- [TASK ITEM] Each line of the listing must be transcribed exactly, except for the images, which should be excluded.

- [SUPPLIED DATA]
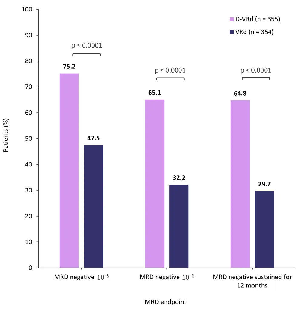 D-VRd, daratumumab + bortezomib + lenalidomide + dexamethasone; MRD, measurable residual disease; VRd, bortezomib + lenalidomide + dexamethasone.
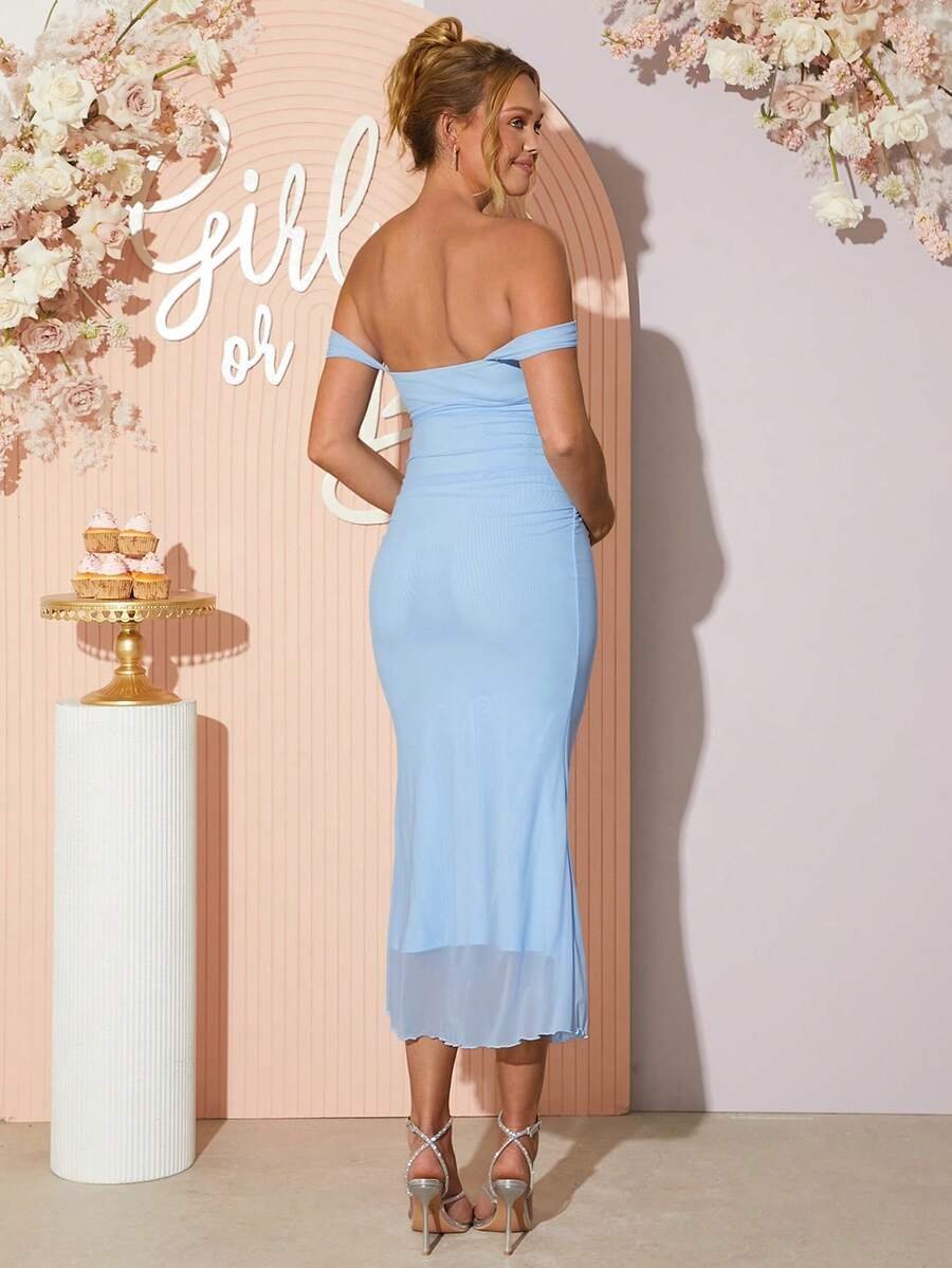 Vestido de maternidad tipo cola de pez con hombros descubiertos, ideal para lucir elegante en tu Baby Shower. Diseñado para resaltar la figura de la mujer embarazada con comodidad y estilo, perfecto para sesiones de fotos, baby showers o eventos especiales.
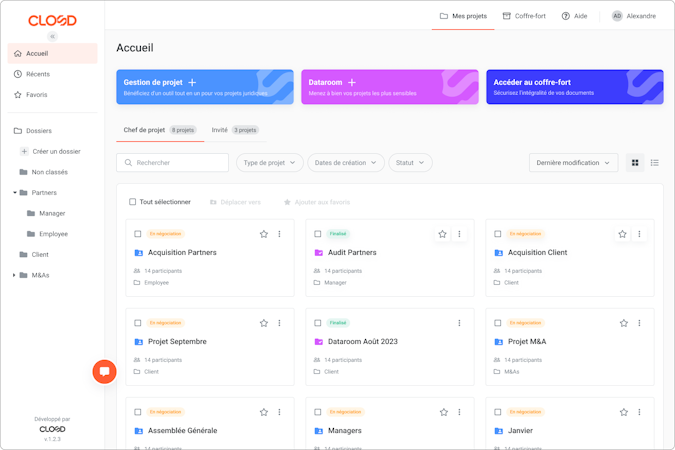 Closd is a global collaborative solution that includes both a legal transaction management platform and a next-generation data room. Designed by former lawyers, the solution allows users to manage complex legal transactions and deals via a unified portal. The solution allows lawyers, legal departments, accountants, and investment banks to simplify exchanges with their clients and partner, secure exchanges and sensitive documents, and automate time-consuming tasks.
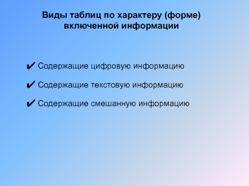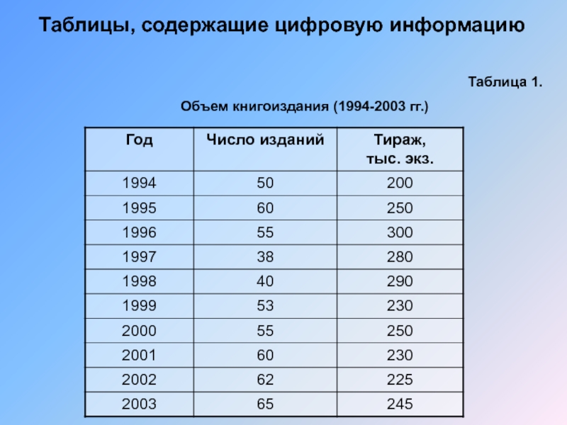 Слайд 26 Таблицы, содержащие цифровую информацию

- [REPLY TO THE TASK]
 D-VRd, daratumumab + bortezomib + lenalidomide + dexamethasone; MRD, measurable residual disease; VRd, bortezomib + lenalidomide + dexamethasone.
 Vestido de maternidad tipo cola de pez con hombros descubiertos, ideal para lucir elegante en tu Baby Shower. Diseñado para resaltar la figura de la mujer embarazada con comodidad y estilo, perfecto para sesiones de fotos, baby showers o eventos especiales.
 Closd is a global collaborative solution that includes both a legal transaction management platform and a next-generation data room. Designed by former lawyers, the solution allows users to manage complex legal transactions and deals via a unified portal. The solution allows lawyers, legal departments, accountants, and investment banks to simplify exchanges with their clients and partner, secure exchanges and sensitive documents, and automate time-consuming tasks.
 Слайд 26 Таблицы, содержащие цифровую информацию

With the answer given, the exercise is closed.